1. Multi-band filter

Usually called a filter bank, its role is to decompose the spectrum into sub-bands.

2. Bit allocator

It is used to estimate the masking threshold and to allocate bits based on the spectral energy of the audio signal and a psychological model.

3. Conversion and Quantization Processor

4. Data Multiplexer

Used to receive quantized data and add side information (bit allocation and scaling factor information) for the decoding process.

3.1 filter banks (there are three types of filter banks)

(1) Sub-band groups. The signal spectrum is divided into equal-width frequency sub-bands. This is similar to the HAS process of frequency analysis, which divides the audio spectrum into critical bands. The width of the critical sub-bands is variable. The bandwidth below 500Hz is 100Hz, and at 10KHz, the bandwidth above 10KHz increases to several KHz. Sub-bands below 500H contain several critical bands. The sub-band filters have a small overlap and are typically used for adjacent time samples. Each sub-band signal is then uniformly quantized with the bit allocation for that sub-band to maintain a positive mask-to-noise ratio (MNR). The ratio is positive when the shielding curve is above the noise curve.

(2) Conversion group. Modified DCT(MDCT) algorithms are commonly used to convert time-domain audio signals into a large number of subbands (256 to 1024). There is also some overlap in such filter banks.

(3) hybrid filter banks. They consist of a subband filter followed by an MDCT filter. This combination provides a finer frequency resolution.

3.2 Perceptual Models, Masking Curves, and Bit Allocation

An accurate psychological analysis of the input PCM signal is performed with respect to its frequency and energy content, using the algorithm of the Fast Fourier Transform. Masking curves were calculated from the hearing thresholds and the frequency masking properties of the HAS. The shape and level of the masking curve is related to the signal content. The difference between the spectral signal package and the masking curve determines the large number of bits (on a 6dB per bit basis) required to encode all spectral components of the audio signal. This bit allocation process ensures that the quantization noise is below the audible threshold.

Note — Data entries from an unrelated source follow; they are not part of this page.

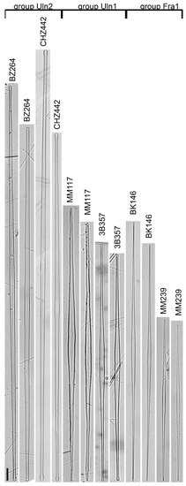 Valves of strains of Uln1 group (MM117 and 3B357), Uln2 group (BZ264 and CHZ 442), Fra group (BK146 and MM239). LM. Scale bar: 10 μm.
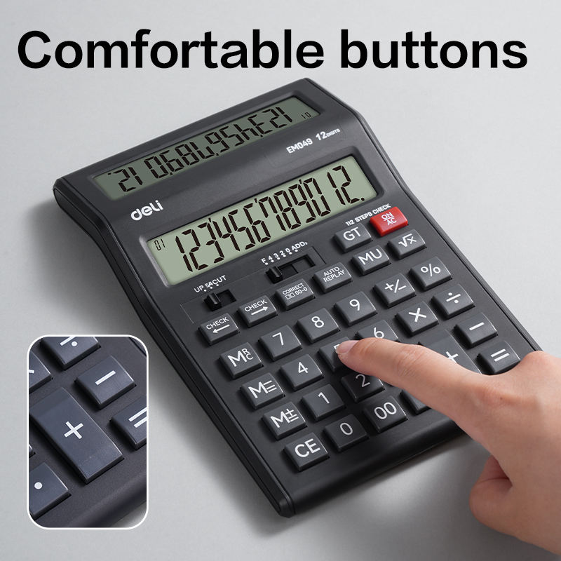 Deli EM049 Calculatrice haute performance à double écran à 12 chiffres, un ordinateur dédié au travail de bureau et à la comptabilité des étudiants
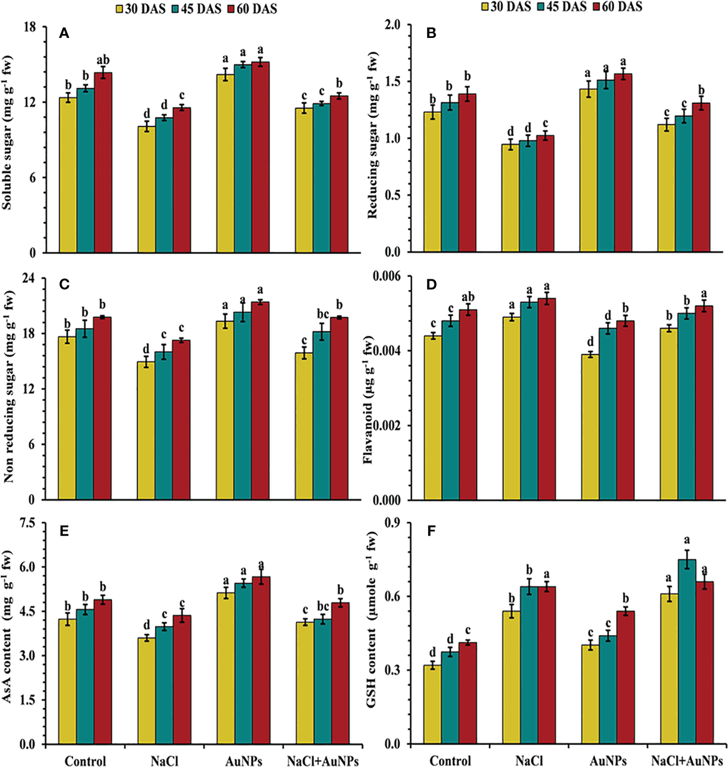 Figure 7 (A) Total soluble sugar, (B) reducing sugar, (C) non reducing sugar, (D) flavonoid content, (E) ascorbate, and (F) glutathione content in S. oleracea plant grown individually with control, 50 mM NaCl, 150 µM S-AuNPs and 50 mM NaCl + 150 µM S-AuNPs at 30, 45, and 60 DAS. Each bar represents mean ± SE of three replicates. Means followed by the same letter (s) do not differ by DMRT test at 5% probability level (p ≤ 0.05).
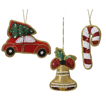 Voeg deze met kralen versierde kerstboomdecoratie toe voor een weelderige uitstraling. Deze hangdecoratie met kralen heeft een mooie warme klassieke kleuren en is versierd met pailletten en kralen. Door deze pailletten en kralen geef je de kerstdecoratie op een subtiele manier toch een beetje glitter en glamour. Verkrijgbaar in een kerstklok, auto en zuurstok.
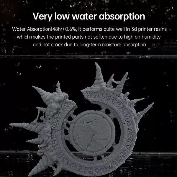 - جذب آب رزین TH72 در 48ساعت معادل 0.06% است که باعث میشود مدل پرینت شده به خاطر جذب رطوبت ترک نخورد.

The masking threshold for each sub-band is derived from the masking curve. Each threshold determines the acceptable larger amount of noise energy in each sub-band at which the system noise becomes audible for perceptually lossless compression.

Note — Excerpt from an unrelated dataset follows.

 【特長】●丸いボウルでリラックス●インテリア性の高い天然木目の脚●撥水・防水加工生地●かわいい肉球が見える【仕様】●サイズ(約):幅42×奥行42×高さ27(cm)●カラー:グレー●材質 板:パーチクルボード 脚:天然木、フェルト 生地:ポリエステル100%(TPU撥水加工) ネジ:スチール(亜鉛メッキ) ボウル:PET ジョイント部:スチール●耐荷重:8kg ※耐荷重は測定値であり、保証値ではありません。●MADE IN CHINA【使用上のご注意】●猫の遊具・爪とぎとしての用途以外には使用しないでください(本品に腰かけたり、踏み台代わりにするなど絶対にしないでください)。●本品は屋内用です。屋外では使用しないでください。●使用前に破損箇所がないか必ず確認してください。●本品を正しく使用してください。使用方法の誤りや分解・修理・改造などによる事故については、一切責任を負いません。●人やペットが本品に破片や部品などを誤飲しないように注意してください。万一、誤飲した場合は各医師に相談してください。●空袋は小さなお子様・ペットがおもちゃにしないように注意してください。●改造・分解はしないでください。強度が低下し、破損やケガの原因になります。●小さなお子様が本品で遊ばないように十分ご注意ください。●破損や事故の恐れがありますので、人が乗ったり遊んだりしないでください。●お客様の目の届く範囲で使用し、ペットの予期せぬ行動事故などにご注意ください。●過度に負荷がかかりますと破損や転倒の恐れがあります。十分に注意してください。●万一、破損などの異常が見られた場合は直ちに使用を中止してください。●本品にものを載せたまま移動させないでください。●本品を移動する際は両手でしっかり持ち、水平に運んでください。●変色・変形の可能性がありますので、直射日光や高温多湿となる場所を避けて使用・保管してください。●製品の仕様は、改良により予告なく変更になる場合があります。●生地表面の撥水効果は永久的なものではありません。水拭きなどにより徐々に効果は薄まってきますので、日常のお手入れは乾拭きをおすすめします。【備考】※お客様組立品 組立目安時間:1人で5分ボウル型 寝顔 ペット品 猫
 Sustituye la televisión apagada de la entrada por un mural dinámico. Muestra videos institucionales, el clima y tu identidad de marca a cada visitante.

3.3 converters and quantizers

The filter output samples from each subband are scaled and quantized in two ways:

(1) Block floating point system. The system normalizes the larger value in the data block to a fully scaled value. This block scaling factor is transmitted within the data stream and is used by the decoder to downscale all data values in the block. In MPEG layer 1, the data block consists of 12 consecutive samples. The audio time consists of 384 samples (32 sub-bands, 12 samples per sub-band). The values of all data blocks are then quantized. The quantization step value is determined by the bit allocator.

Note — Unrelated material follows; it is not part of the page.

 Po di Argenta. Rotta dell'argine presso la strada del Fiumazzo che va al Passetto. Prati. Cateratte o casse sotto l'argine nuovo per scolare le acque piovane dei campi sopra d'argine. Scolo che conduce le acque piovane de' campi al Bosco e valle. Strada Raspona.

(2) Noise allocation and scalar quantization. In the previous method, each sub-band has a different scaling factor.

The second method uses the same scaling factor for several frequency bands with approximately the critical bandwidth. The value of this scaling factor is not derived from the standard process, but is part of the noise allocation process. No bit allocation is performed here. After estimating the mask threshold for each sub-band, the scaling factor is used to modify all quantization step values in the scaling factor band to modify the quantization noise structure to better match the frequency line of the threshold. The non-uniform quantization process serves to adapt the quantization noise to the signal amplitude in an optimized manner. The next step is to encode the audio spectral values with Huffman coding and get better data compression.

3.4 Data Multiplexer

Blocks of 12 data samples from each quantizer output are multiplexed with other corresponding scaling factors and bit allocation information to form an audio frame in the encoded bitstream. Optional auxiliary data may also be inserted into the bitstream. The MPEG standard does not specify the types of data that can be transmitted and how these data types are formatted in the bitstream.